JavaScript carries much the same suite of regular expression tools as Perl.
These three constitute our globs.
Ordinarily we think of only the first: we might "Find & Replace" all occurences of 'foo' with 'fo'--a linear process. Quantifiers add another dimension (exponentiality) and backreferences bring in the concepts of programming.
/he/gi
/ and / are the quotes surrounding the string of two characters, h, e. Flags gi add functions for a global and case-insensitive search.
/.*\.jpe?g/g
Traditional globbing uses the * character, for example, *.jp*g. JavaScript uses a more powerful combination, the wildcard dot (.), and the greedy matcher (*): any number of any characters.
/[aeiou]+/gi
Quantifiers specify options and ranges for possible matches. One or more vowels: [aeiou]+
/[^\w\s]$/
Meta-characters specify predefined values.
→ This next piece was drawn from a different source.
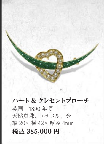
ハート & クレセントブローチ 英国 1890年頃 天然真珠、エナメル、金 縦20×横42×厚み4mm 税込 385,000円

Trying to match end punctuation, we have "not a letter or a space; must be at the end:" [^\w\s]$
/^\s+$/
Matching an empty line, beginning to end nothing but space: ^\s+$
/(\S+:\/{2}\S+)/g
Finding a URL, assuming space on either side. Our backreferences "()" memorize the address, so we could then say <a href="$1">$1</a> to form a link. Note the backslash used to escape the quote mark /.